### Data records
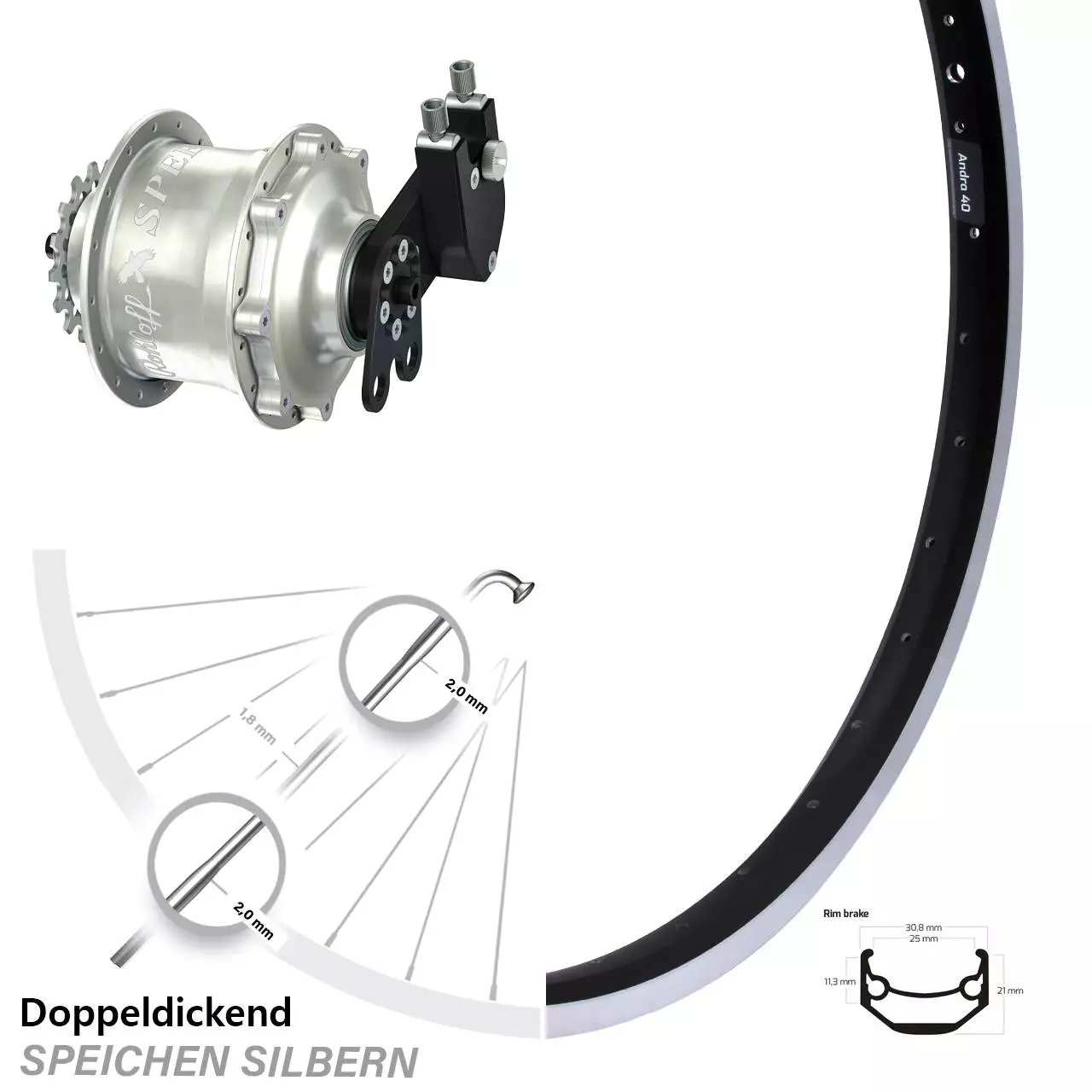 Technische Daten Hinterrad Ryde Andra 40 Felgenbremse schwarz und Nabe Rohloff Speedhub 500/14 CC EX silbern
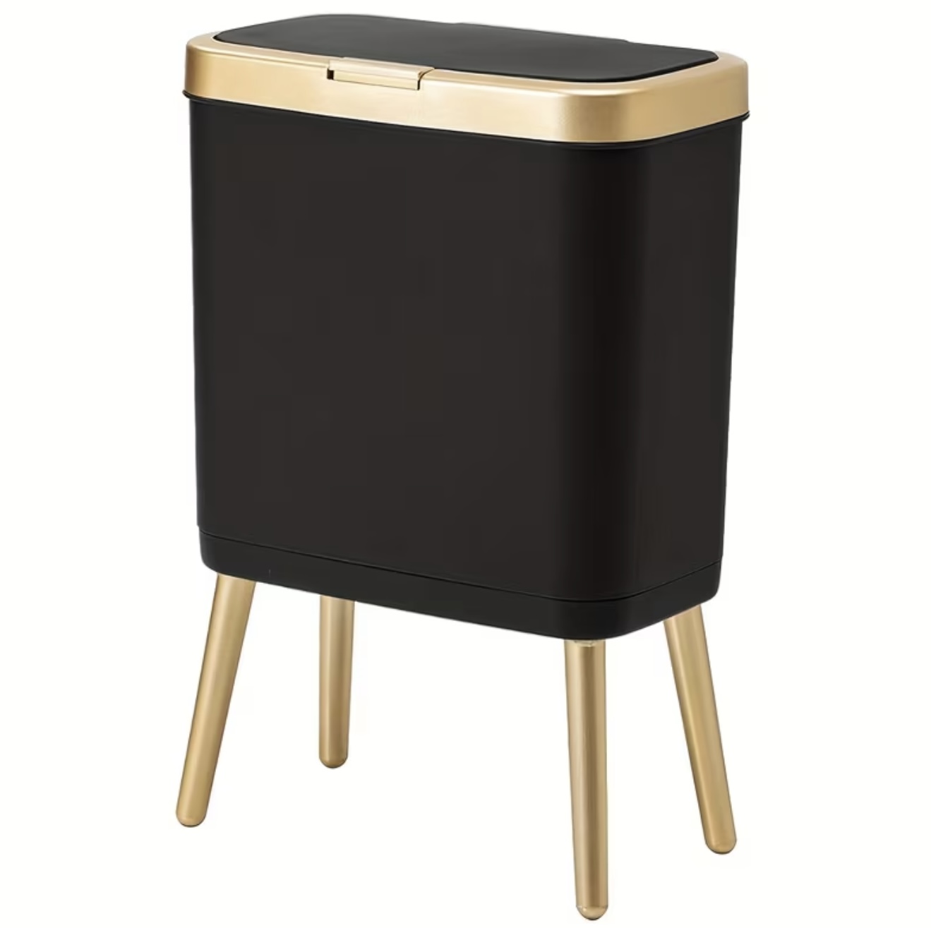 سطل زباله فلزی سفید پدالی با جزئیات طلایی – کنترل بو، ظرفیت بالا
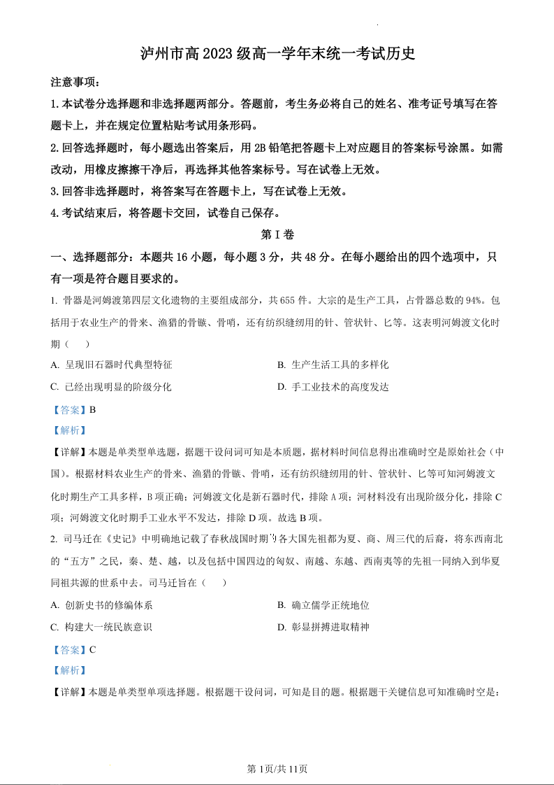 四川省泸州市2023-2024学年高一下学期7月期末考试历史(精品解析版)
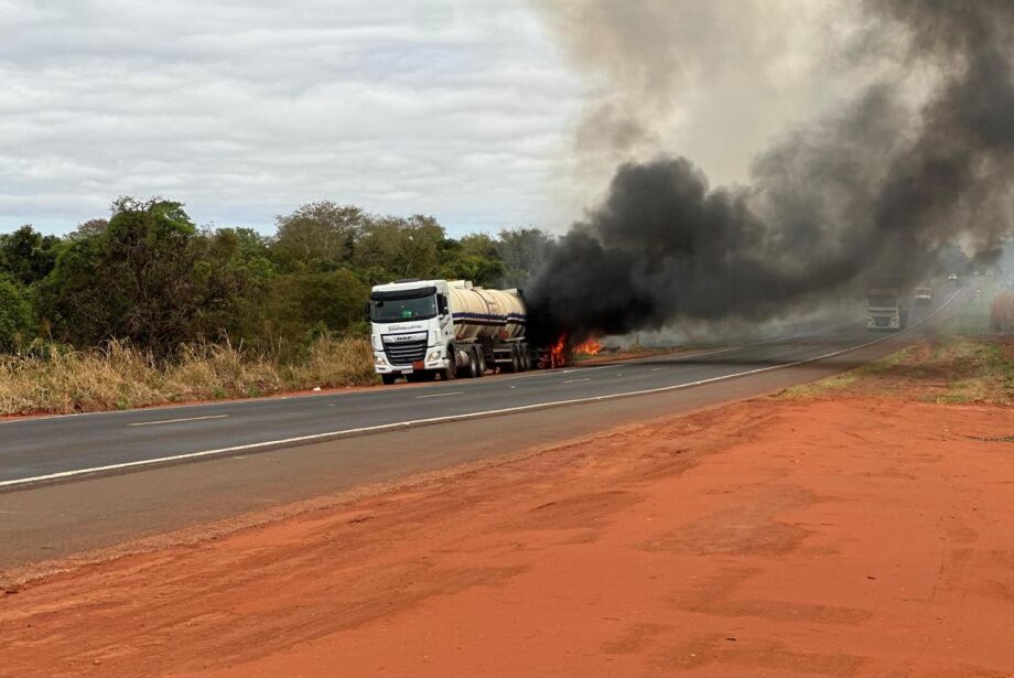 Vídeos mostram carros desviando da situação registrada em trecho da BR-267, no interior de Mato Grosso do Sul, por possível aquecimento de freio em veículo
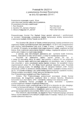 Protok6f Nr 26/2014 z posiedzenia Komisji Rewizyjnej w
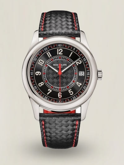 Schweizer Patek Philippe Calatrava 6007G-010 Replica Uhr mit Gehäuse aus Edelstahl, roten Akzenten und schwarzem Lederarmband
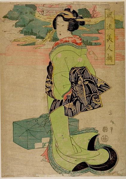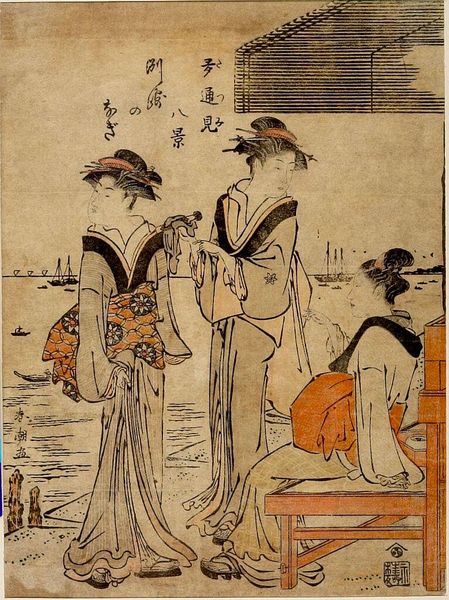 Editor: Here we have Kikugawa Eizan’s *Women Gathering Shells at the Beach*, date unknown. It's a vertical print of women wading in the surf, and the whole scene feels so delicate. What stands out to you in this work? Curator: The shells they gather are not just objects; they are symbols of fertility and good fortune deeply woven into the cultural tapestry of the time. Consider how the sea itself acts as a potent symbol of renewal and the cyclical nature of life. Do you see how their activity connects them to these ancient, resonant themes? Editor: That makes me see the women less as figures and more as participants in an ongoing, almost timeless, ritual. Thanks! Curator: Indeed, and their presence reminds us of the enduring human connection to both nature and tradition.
---
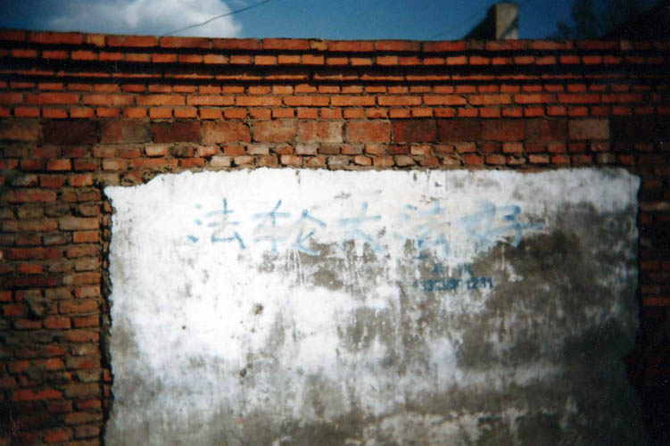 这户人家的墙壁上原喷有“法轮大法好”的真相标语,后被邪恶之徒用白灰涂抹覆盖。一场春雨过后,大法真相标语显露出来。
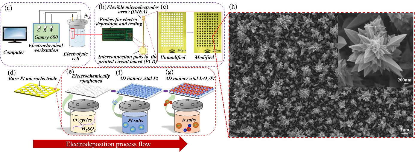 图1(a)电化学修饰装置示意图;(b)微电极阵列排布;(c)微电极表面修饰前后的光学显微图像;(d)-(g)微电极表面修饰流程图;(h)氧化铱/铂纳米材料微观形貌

### Activity
Within the listing above, find the line containing "四川省泸州市2023-2024学年高一下学期7月期末考试历史(精品解析版)" and the line containing "Schweizer Patek Philippe". Transcribe them and everything between them exactly, leaving out the pictures.

### The completed task
 四川省泸州市2023-2024学年高一下学期7月期末考试历史(精品解析版)
 Vídeos mostram carros desviando da situação registrada em trecho da BR-267, no interior de Mato Grosso do Sul, por possível aquecimento de freio em veículo
 Protok6f Nr 26/2014 z posiedzenia Komisji Rewizyjnej w
 Schweizer Patek Philippe Calatrava 6007G-010 Replica Uhr mit Gehäuse aus Edelstahl, roten Akzenten und schwarzem Lederarmband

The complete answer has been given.